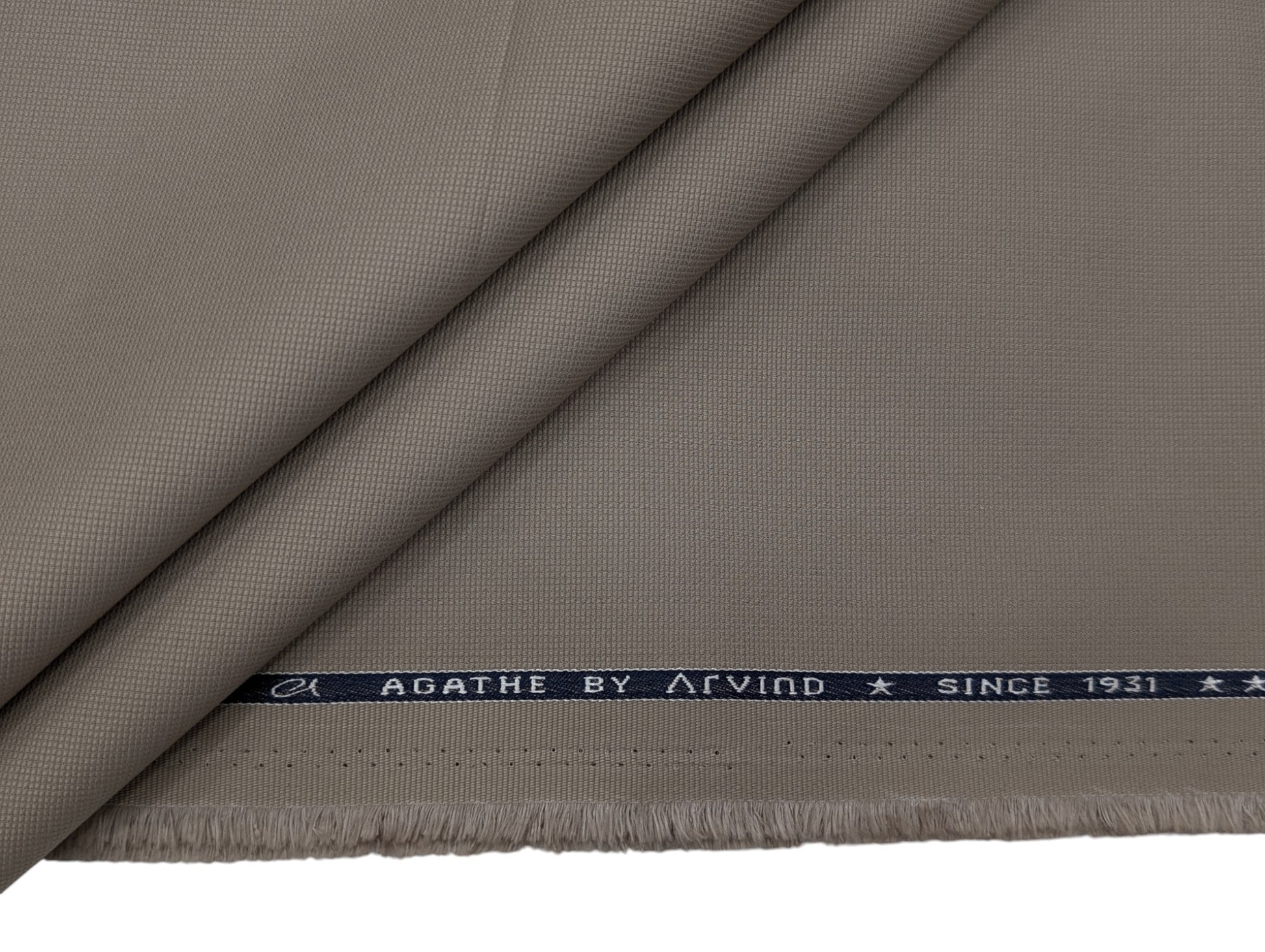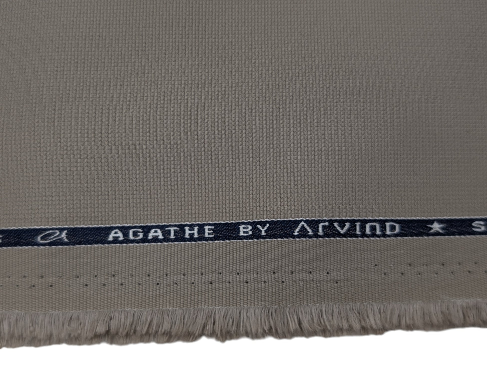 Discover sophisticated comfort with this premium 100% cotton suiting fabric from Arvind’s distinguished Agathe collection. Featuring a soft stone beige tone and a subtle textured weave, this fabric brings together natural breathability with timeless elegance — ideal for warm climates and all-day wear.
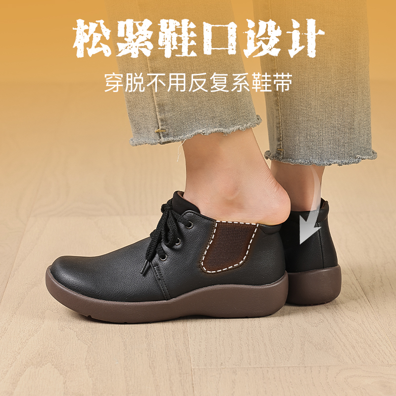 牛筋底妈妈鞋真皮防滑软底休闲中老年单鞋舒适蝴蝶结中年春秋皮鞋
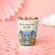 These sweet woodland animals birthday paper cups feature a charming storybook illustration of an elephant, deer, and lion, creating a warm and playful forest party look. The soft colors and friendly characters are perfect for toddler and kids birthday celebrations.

..........

■ TASK DESCRIPTION: Pictures stay out. Repeat only the lines from the beginning of the data through the line that has "牛筋底妈妈鞋真皮防滑软底休闲中老年单鞋舒适蝴蝶结中年春秋皮鞋".

■ RESULT OF THIS TASK:
 Discover sophisticated comfort with this premium 100% cotton suiting fabric from Arvind’s distinguished Agathe collection. Featuring a soft stone beige tone and a subtle textured weave, this fabric brings together natural breathability with timeless elegance — ideal for warm climates and all-day wear.
 牛筋底妈妈鞋真皮防滑软底休闲中老年单鞋舒适蝴蝶结中年春秋皮鞋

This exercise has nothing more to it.